### TASK DIRECTIONS
Each line from the one with "Sada kožený popruh" through the last line below must be written out exactly. Do not copy pictures.

### DATA SEGMENT

########################################

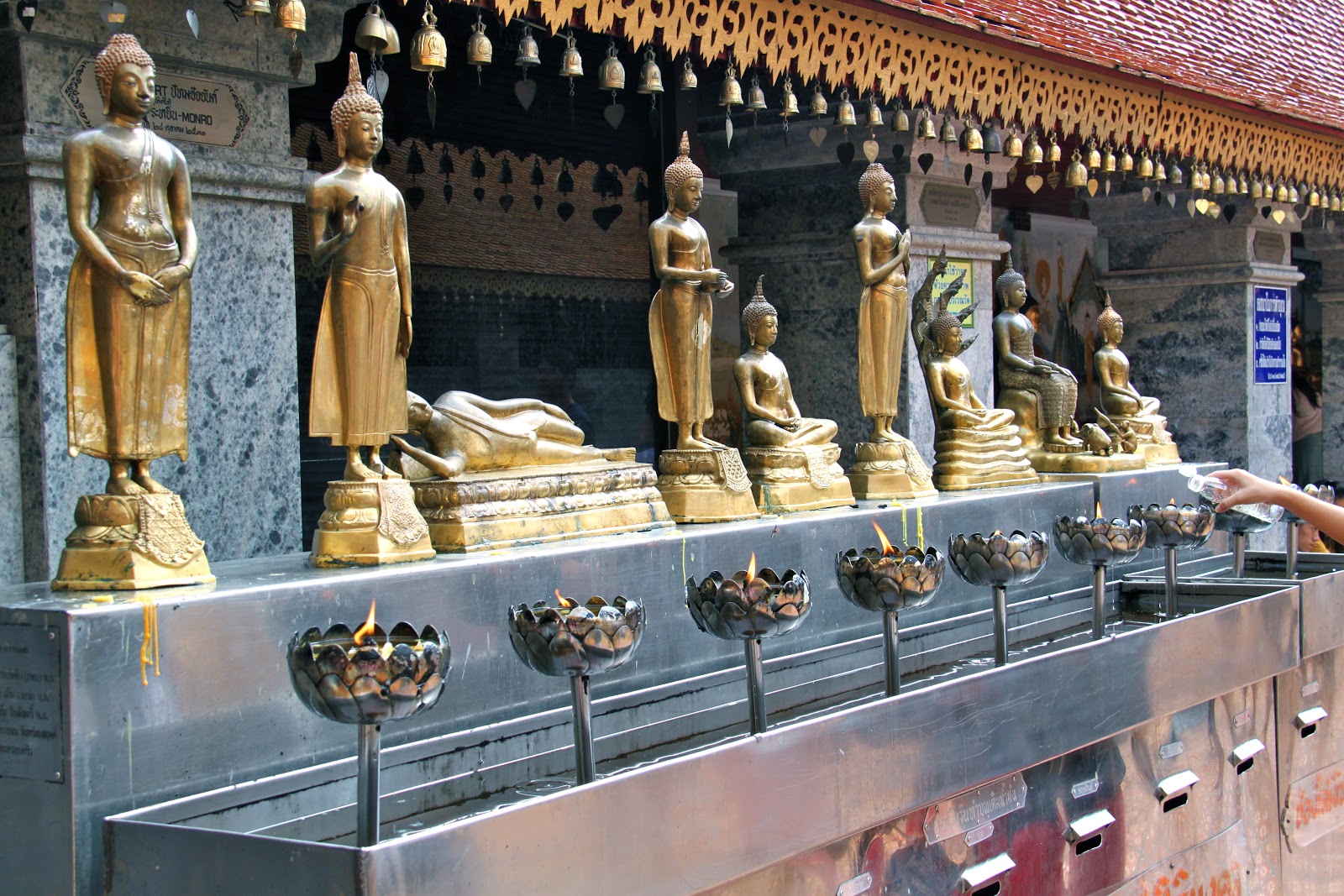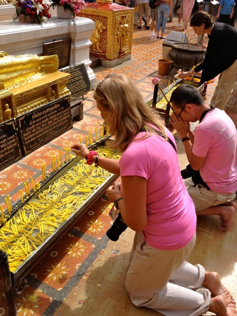 We offered flowers and candles and received a holy white cotton string around the wrist from the Monk as a blessing for happiness and success.
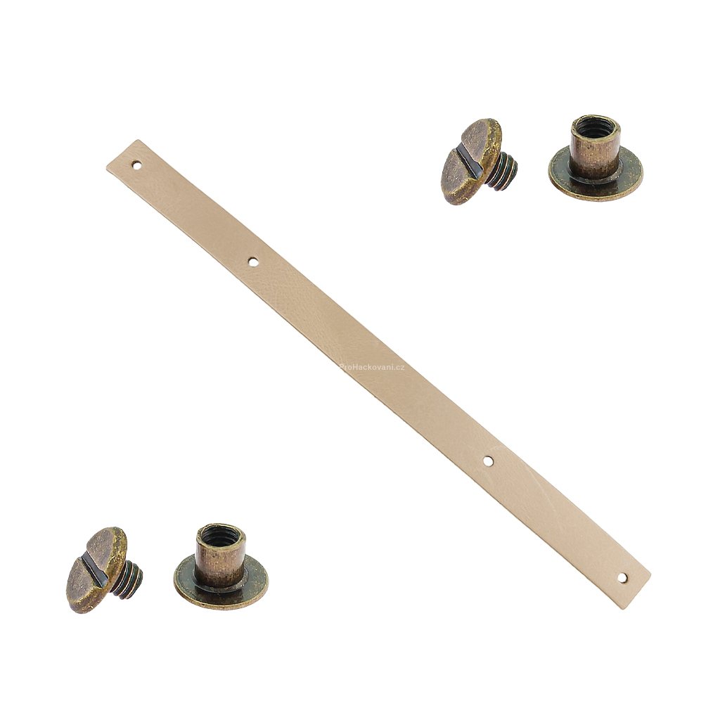 Sada kožený popruh 22 cm š. 2 cm krémový s nýtkem staromosaz
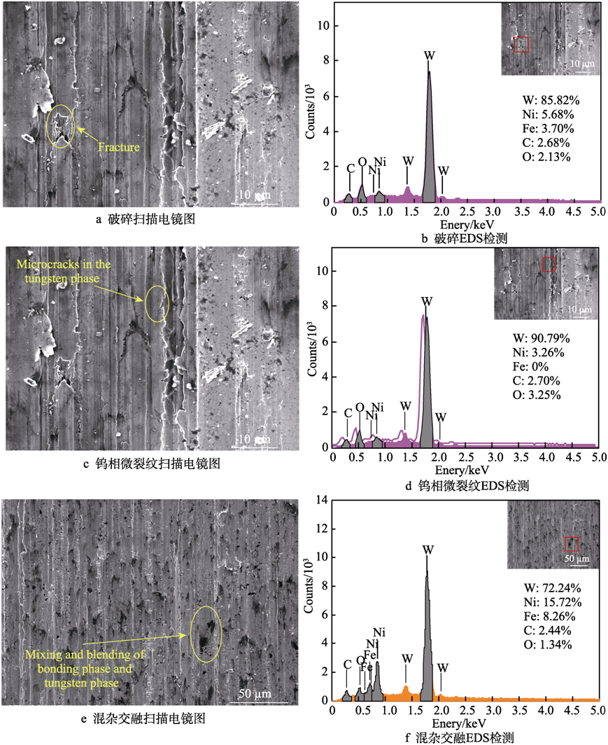4)磨削后鎢合金表面出現(xiàn)了單顆??虅潉澓凵系乃腥コ卣?,與單顆粒劃痕去除特征吻合。不同的是,磨削后的劃痕底部出現(xiàn)了區(qū)域性和放射狀裂紋,并通過截面顯微法和 EDS 檢測技術(shù)探究了裂紋的成因及擴展情況。
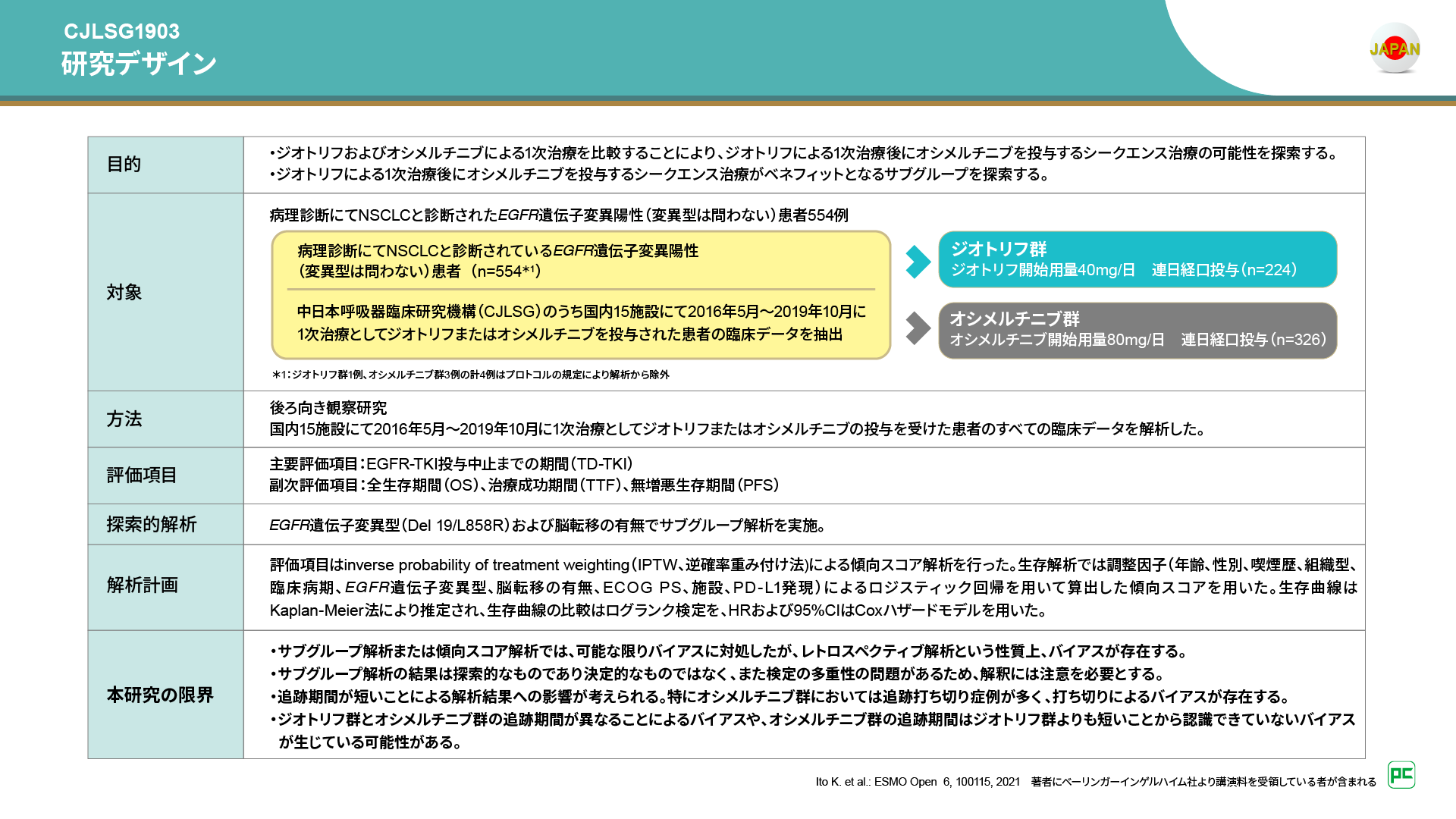 - Ito K. et al.: ESMO Open 6, 100115, 2021※※

########################################

### TASK SOLUTION
 Sada kožený popruh 22 cm š. 2 cm krémový s nýtkem staromosaz
4)磨削后鎢合金表面出現(xiàn)了單顆??虅潉澓凵系乃腥コ卣?,與單顆粒劃痕去除特征吻合。不同的是,磨削后的劃痕底部出現(xiàn)了區(qū)域性和放射狀裂紋,并通過截面顯微法和 EDS 檢測技術(shù)探究了裂紋的成因及擴展情況。
 - Ito K. et al.: ESMO Open 6, 100115, 2021※※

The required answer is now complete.